27 July, 2018
In a recently reported judgment, Re Southwest Pacific Bauxite (HK) Ltd. [2018] HKCFI 426, the Companies Court has brought Hong Kong law into alignment with Singapore and England when considering the effect of an arbitration agreement in a contract giving rise to the debt relied on to support a winding-up petition.
Previously in Hong Kong, neither the existence of an arbitration clause in a contract between the company and petitioner, nor the commencement of the arbitration was sufficient to demonstrate in the insolvency proceedings that the “debt” was bona fide disputed on substantial grounds (which is the test to be satisfied by a company facing a winding-up petition when seeking to demonstrate Hong Kong’s insolvency regime is inappropriate).
The Hong Kong Courts felt because the creditor did not seek to recover the sum due under the agreement containing the arbitration clause but instead sought to put an insolvent company into liquidation for the collective benefit of all its creditors, the arbitration clause was not relevant. Therefore, the company needed to establish in the normal way that the petitioner’s debt was disputed and it was only once it had successfully done so that the arbitration would come into the Court’s consideration.
Facts
Southwest Pacific Bauxite (HK) Ltd. (the “Company”) is a joint venture holding 75% of a bauxite mine in the Solomon Islands.

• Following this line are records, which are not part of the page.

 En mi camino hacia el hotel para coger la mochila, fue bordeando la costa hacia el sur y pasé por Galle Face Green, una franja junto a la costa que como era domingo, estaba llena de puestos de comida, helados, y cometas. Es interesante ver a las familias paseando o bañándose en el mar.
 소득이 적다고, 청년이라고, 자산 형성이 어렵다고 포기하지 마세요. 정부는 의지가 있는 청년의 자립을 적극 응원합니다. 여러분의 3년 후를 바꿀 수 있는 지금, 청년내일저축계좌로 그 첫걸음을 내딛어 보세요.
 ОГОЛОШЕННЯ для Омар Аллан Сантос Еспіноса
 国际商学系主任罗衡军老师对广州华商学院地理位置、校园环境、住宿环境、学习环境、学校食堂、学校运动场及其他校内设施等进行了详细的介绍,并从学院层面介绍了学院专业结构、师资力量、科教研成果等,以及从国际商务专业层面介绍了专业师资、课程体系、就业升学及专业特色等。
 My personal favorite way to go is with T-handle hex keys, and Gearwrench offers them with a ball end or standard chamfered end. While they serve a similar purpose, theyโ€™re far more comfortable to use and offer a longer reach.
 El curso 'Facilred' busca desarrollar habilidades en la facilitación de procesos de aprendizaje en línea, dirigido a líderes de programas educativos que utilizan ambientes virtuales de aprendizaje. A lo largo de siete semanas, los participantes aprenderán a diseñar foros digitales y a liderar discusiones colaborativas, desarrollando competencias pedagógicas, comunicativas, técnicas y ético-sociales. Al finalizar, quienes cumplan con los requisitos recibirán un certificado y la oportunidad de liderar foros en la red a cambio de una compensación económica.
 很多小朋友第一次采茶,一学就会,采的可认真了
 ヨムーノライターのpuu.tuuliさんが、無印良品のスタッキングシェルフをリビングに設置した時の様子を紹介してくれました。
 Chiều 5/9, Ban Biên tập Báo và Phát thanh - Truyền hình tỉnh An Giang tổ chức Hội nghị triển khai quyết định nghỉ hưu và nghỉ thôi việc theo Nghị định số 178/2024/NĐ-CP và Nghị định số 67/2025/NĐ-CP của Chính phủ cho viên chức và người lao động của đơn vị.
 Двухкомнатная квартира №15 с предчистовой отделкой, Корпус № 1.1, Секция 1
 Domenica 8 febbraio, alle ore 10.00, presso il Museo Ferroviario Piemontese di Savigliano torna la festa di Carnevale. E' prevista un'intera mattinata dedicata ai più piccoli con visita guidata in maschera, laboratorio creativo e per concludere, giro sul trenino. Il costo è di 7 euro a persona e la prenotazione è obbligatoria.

Two of its six directors represented the interests of the Company’s minority shareholder, Lasmos Limited (“Petitioner”). The debt purportedly due to the Petitioner was the unpaid fees for its directors’ services to the Company. These fees were due pursuant to a Shareholders’ Agreement but there was no formula in the agreement to calculate the sums due. The Shareholders’ Agreement contained a typical Hong Kong arbitration clause requiring disputes to be resolved by a single arbitrator under the Hong Kong International Centre’s rules and administration.
The Petitioner asserted the fees it was due were agreed by the Company, and unpaid. It therefore issued a statutory demand in July 2017 and a winding-up petition on 27 October 2017.
Issues
The Company disputed the amount of the fee due to the Petitioner and successfully struck-out the winding-up petition. The Companies Court held that the Petitioner should be bound by its contractual bargain to resolve the dispute by arbitration. It was therefore not open to it to bypass the arbitration agreement to pressure the Company to pay immediately in the face of the threat of insolvency.
In a change of approach, the Companies Court held that a winding-up petition would generally be dismissed if:
(i) A company disputes the debt relied on by the petitioner;
(ii) The contract under which the debt is alleged to arise contains an arbitration clause that covers the any dispute relating to the debt; and
(iii) The company takes any of the steps required under the arbitration clause to commence the agreed process and files evidence with the Court demonstrating this.
Limits of the judgment
Although an agreement pursuant to which the debt is said to arise contains an arbitration clause, this does not mean that the Companies Court will strike-out every such winding-up petition.
If, for example, no evidence is filed by the company to demonstrate any steps were being taken to arbitrate the dispute, or the debt was admitted, it seems that then any application to strike-out out the winding-up application would be dismissed.
Further, the presence of the arbitration clause does not oust the Companies’ Court’s jurisdiction if assets have gone missing and the Court felt there was an urgent need to appoint independent persons to investigate what had happened. If the appointment of provisional liquidators was justified a petition could be issued and stayed pending the outcome of the arbitration other than with respect to the steps relevant to the provisional liquidator.
Conclusion
Those creditors who have chosen arbitration as a means to resolve their disputes will need to, in the future, think very carefully about utilizing the insolvency regime until they are in possession of an arbitral award for a liquidated sum.
Other applications
It will be interesting to see if the Bankruptcy Court will also in the future hold that contracts with arbitration clauses between a petitioner and individual would also allow a bankruptcy petition to be struck-out or statutory demand to be set aside.